Task to carry out: In the records below, find the line with "For my second" and repeat exactly every line from it through the line with "Caracteristicas: Revolutionary bolt-together". Pictures stay out.
Top of Data records
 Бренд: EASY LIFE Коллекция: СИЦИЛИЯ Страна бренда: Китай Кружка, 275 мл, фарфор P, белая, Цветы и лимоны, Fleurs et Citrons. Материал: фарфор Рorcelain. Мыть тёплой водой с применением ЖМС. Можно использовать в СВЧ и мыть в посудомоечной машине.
Bottom of Data records
Top of Data records
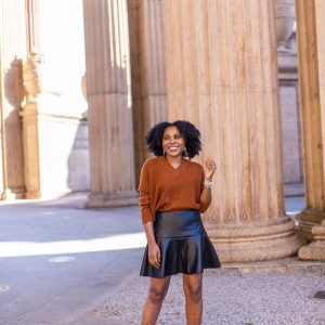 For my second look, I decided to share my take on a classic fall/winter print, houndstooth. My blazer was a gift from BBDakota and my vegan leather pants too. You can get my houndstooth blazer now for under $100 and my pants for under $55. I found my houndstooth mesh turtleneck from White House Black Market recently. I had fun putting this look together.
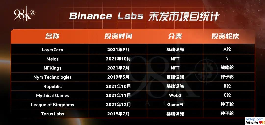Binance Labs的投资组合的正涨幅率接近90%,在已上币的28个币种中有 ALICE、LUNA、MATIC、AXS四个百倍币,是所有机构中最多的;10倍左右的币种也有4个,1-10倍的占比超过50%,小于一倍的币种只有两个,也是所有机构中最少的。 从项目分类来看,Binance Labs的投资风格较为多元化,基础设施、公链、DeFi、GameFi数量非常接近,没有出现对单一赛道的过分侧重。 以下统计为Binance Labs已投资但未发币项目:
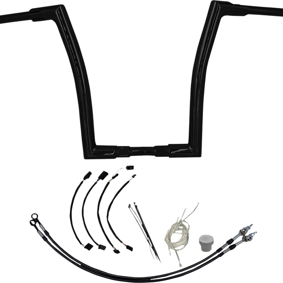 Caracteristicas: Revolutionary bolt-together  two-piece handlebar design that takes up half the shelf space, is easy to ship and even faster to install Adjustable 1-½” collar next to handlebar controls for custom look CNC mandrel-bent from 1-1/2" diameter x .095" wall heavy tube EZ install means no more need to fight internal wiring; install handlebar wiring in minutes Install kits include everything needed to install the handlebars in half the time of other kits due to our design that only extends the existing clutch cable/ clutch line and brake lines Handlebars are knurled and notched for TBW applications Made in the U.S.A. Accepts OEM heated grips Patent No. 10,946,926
Bottom of Data records
Task solution:
 For my second look, I decided to share my take on a classic fall/winter print, houndstooth. My blazer was a gift from BBDakota and my vegan leather pants too. You can get my houndstooth blazer now for under $100 and my pants for under $55. I found my houndstooth mesh turtleneck from White House Black Market recently. I had fun putting this look together.
Binance Labs的投资组合的正涨幅率接近90%,在已上币的28个币种中有 ALICE、LUNA、MATIC、AXS四个百倍币,是所有机构中最多的;10倍左右的币种也有4个,1-10倍的占比超过50%,小于一倍的币种只有两个,也是所有机构中最少的。 从项目分类来看,Binance Labs的投资风格较为多元化,基础设施、公链、DeFi、GameFi数量非常接近,没有出现对单一赛道的过分侧重。 以下统计为Binance Labs已投资但未发币项目:
 Caracteristicas: Revolutionary bolt-together  two-piece handlebar design that takes up half the shelf space, is easy to ship and even faster to install Adjustable 1-½” collar next to handlebar controls for custom look CNC mandrel-bent from 1-1/2" diameter x .095" wall heavy tube EZ install means no more need to fight internal wiring; install handlebar wiring in minutes Install kits include everything needed to install the handlebars in half the time of other kits due to our design that only extends the existing clutch cable/ clutch line and brake lines Handlebars are knurled and notched for TBW applications Made in the U.S.A. Accepts OEM heated grips Patent No. 10,946,926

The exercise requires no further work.